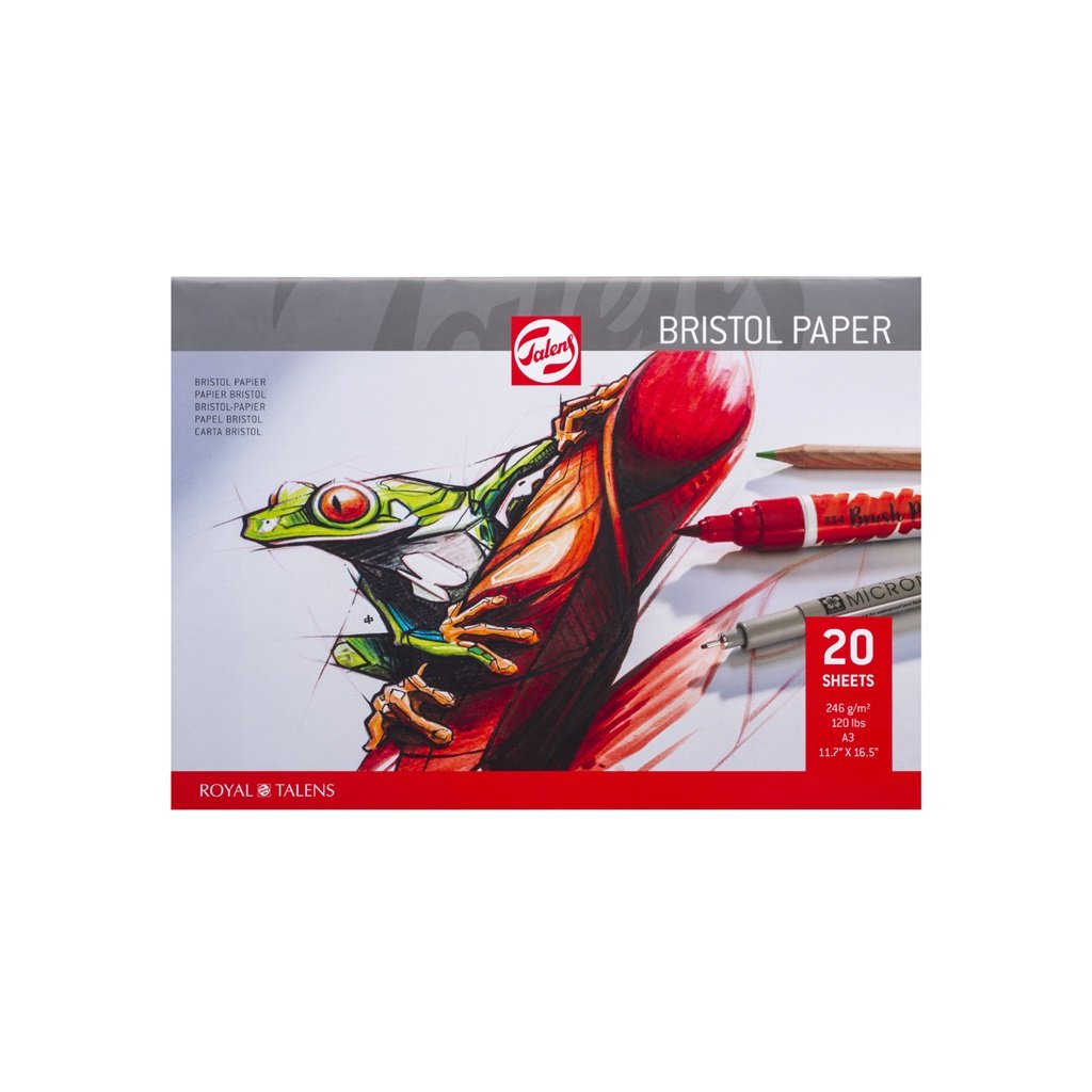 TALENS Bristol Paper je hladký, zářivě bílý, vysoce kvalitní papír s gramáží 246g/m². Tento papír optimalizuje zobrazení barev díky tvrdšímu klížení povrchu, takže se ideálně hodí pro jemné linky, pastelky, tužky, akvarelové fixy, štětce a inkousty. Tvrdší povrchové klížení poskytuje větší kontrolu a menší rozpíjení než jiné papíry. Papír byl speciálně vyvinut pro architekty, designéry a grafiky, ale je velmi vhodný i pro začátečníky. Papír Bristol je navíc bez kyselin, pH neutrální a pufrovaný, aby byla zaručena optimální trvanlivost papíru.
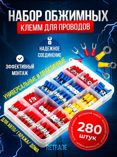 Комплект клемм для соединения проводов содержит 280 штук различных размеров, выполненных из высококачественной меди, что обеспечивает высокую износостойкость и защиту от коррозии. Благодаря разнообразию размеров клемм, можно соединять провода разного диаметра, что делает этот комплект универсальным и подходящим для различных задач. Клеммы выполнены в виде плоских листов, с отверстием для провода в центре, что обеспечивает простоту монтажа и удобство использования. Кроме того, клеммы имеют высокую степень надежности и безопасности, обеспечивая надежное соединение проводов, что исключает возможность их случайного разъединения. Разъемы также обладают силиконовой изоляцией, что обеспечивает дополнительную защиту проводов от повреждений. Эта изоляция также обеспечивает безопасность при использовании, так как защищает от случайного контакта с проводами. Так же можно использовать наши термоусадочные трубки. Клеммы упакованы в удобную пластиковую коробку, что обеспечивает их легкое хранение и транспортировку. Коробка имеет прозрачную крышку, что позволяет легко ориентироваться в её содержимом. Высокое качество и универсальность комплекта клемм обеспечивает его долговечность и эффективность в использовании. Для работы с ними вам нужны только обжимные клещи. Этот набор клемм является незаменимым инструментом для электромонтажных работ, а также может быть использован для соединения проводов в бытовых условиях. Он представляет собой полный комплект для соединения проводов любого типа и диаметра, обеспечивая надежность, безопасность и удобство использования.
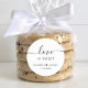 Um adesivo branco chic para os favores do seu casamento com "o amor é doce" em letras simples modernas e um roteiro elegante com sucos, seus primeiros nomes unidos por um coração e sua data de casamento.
====
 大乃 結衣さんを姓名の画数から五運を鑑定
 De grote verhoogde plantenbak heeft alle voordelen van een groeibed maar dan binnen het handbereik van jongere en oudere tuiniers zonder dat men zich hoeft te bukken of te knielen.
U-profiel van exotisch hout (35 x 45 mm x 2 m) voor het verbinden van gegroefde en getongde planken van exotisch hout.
====
Problem to solve:
As the answer, set down only the lines from the data above between the one holding "大乃 結衣さんを姓名の画数から五運を鑑定" and the one holding "U-profiel van exotisch", inclusive, exactly as they read.

Answer for this exercise:
 大乃 結衣さんを姓名の画数から五運を鑑定
 De grote verhoogde plantenbak heeft alle voordelen van een groeibed maar dan binnen het handbereik van jongere en oudere tuiniers zonder dat men zich hoeft te bukken of te knielen.
U-profiel van exotisch hout (35 x 45 mm x 2 m) voor het verbinden van gegroefde en getongde planken van exotisch hout.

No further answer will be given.